If you missed the 2010 Western Conference final between the San Jose Sharks and the Chicago Blackhawks, you missed Evgeni Nabokov’s last game in the NHL. Russian newspaper Sovetsky Sport is reporting that the former Sharks goaltender has signed a four year contract with SKA St. Petersburg (link is in Russian) in the Kontinental Hockey League in Russia. Alexander Zaitsev from website Russian Hockey Fans has the details.
Evgeny Nabokov has signed a 4-year, $24-million contract with SKA St. Petersburg of the KHL, as reported by the Russian newspaper Sovetsky Sport.
The Sharks already made their bed with goaltending by saying they weren’t bringing back Nabokov in the first place and then signing Antero Niittymaki to seal the deal. The rest of the league followed suit by not hurrying up to sign both Nabokov and Dallas’ Marty Turco. With money seemingly running thin around the NHL and goaltending jobs being filled by less-expensive players, the writing was on the wall for Nabokov and the money was out there to be had back home in Russia. One interesting note to add, according to Yahoo’s Dmitry Chesnokov, SKA St. Petersburg also went out of the way to make special arrangements for Nabokov.

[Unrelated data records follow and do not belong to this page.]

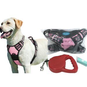 Eagloo Dog Harness Pink Black L No Pull Harness Reflective + Retractable Leash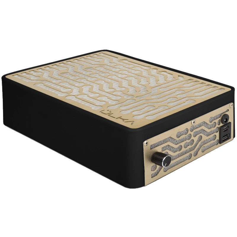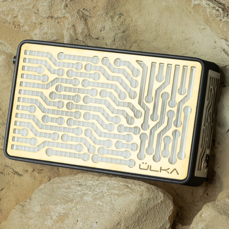 Czarny pochłaniacz pyłu Ülka Nano ze złotymi kratkami i dwoma wentylatorami, o mocy ssania 3,5 m/s regulowanej na 2 poziomach, z wbudowanymi portami do ładowania urządzeń mobilnych. Generuje niski poziom hałasu (85 dB). Mocny i skuteczny. Filtr HEPA usuwa 99,9% cząstek o wielkości do 0,3 µm. Pochłaniacz do postawienia na biurku, polecany do codziennej pracy. Moc: 58W.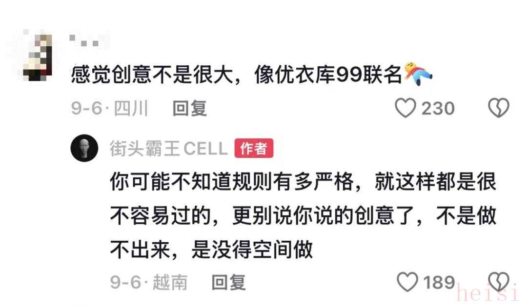 事实上这也不全是品牌方的责任,在版权方审核条件严格的情况下,想要放开手脚大胆设计的确很难。新联名系列被吐槽设计“像优衣库一样敷衍”之后,WHOOSIS的主理人CELL就忍不住在评论区大倒苦水,更富有创意的设计不是他们不想而是不可以。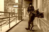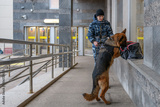 Female police officer with a trained german shepherd dog sniffs out drugs or bomb in luggage.
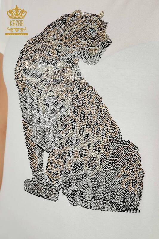 Hurtownia Bluzki Damskiej W Panterkę Wzorzystej Kamienia Haftowanej Krótkim Rękawem Ecru - 78942 | KAZEE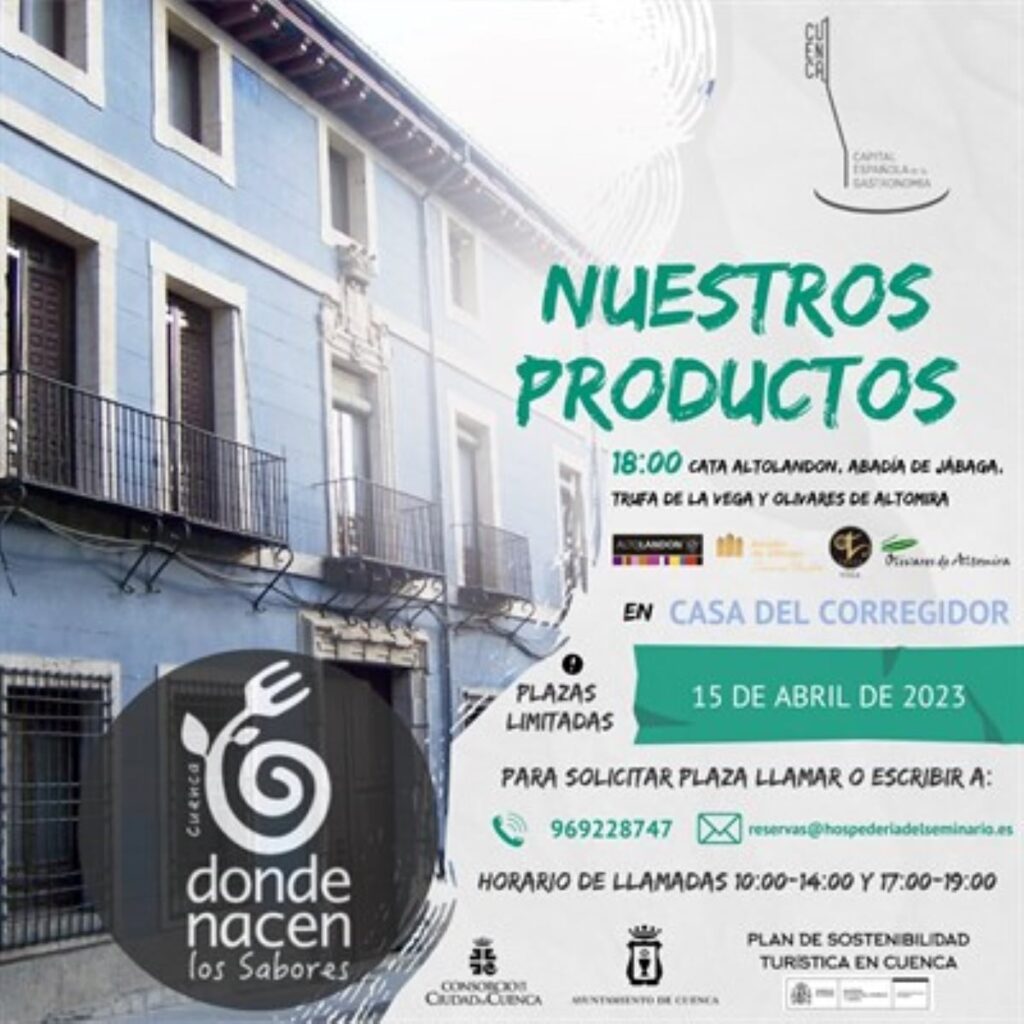 Una cata de diferentes productos conquenses se realizará este sábado 15 de abril a las 18 horas para celebrar la Capital Española de la Gastronomía. Será en la Casa del Corregidor y de la mano de ‘Donde nacen los sabores’. La cata es organizada por el Ayuntamiento de Cuenca bajo el paraguas del Plan de Sostenibilidad Turística.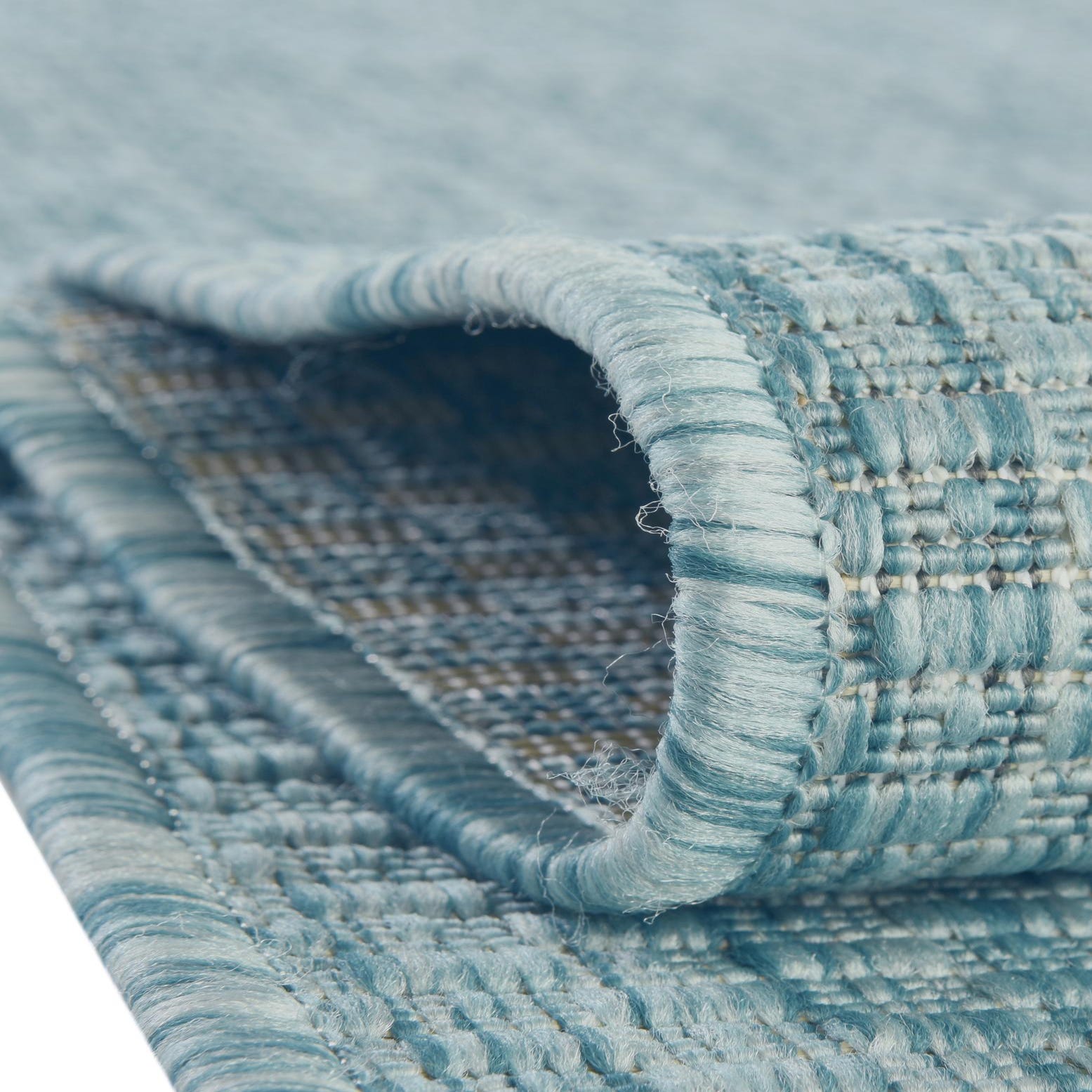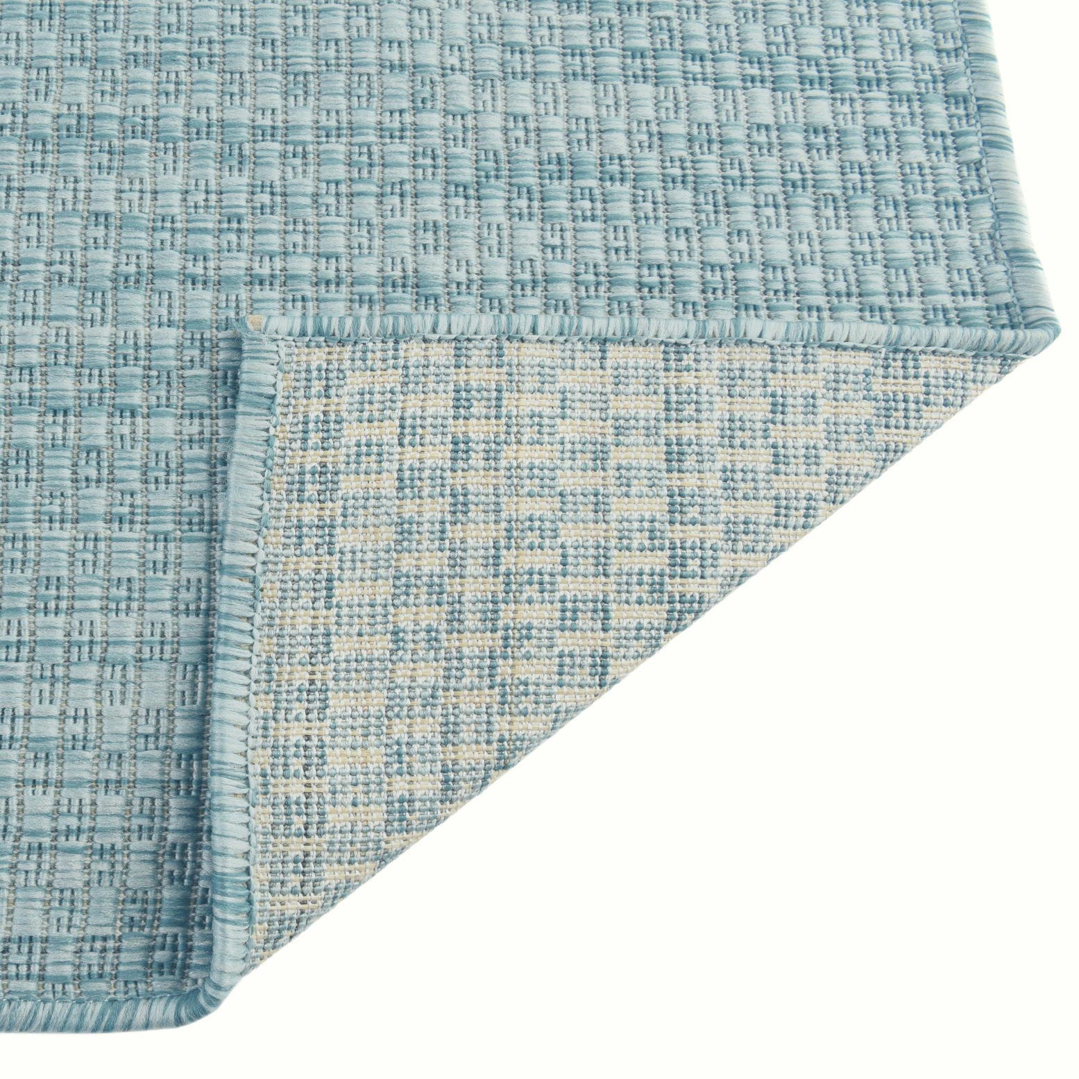 The Outdoor Solid Collection presents a versatile, machine-woven rug crafted from 100% polypropylene, designed to anchor open-air living spaces with ease. Spanning an expansive 13 square feet, this rug's aquamarine background, subtly interwoven with hints of beige, offers a fresh and calming hue reminiscent of tranquil waters.

Nabokov’s Russian agent Isakov told Sovetsky Sport that “Nabokov will come over to Russia in the beginning of August with his entire family. We agreed on the sum with the St Petersburg club long time ago, and we were figuring out living related questions lately, which were related to the move of Evgeni’s family to St. Petersburg.”
The curious side effect of all this is the one it has on Ilya Kovalchuk’s negotiations. Earlier today we mentioned that SKA St. Petersburg was also inquiring into Kovalchuk’s availability. The catch with how things go salary cap-wise in the KHL is that each team is allowed to ignore salary restrictions on one player per team. SKA St. Petersburg has now used that exception on Nabokov, thus making any potential offers to Kovalchuk impossible to complete.
Unless another KHL team was to step out and make a possible offer, Kovalchuk is now left with having to negotiate with NHL teams which means having to make salary demands a bit more NHL-friendly if he’d like to play here. The cynical side of me wants to say that there’s no coincidence in Nabokov’s announcement and the news that Ilya Kovalchuk has re-engaged discussion with the Los Angeles Kings in contract talks.
UPDATE: Yahoo’s Dmitry Chesnokov clears up the KHL salary discussion via
There is no salary
cap in the KHL for players signed (or poached) from the NHL. For those
who were asking.
In other words, the KHL has carte blanche from KHL President Andrei Medvedev to sign any players from the NHL they can potentially bring on. Of course, then it’s up to those teams to be able to afford the players which is another thing entirely in some cases.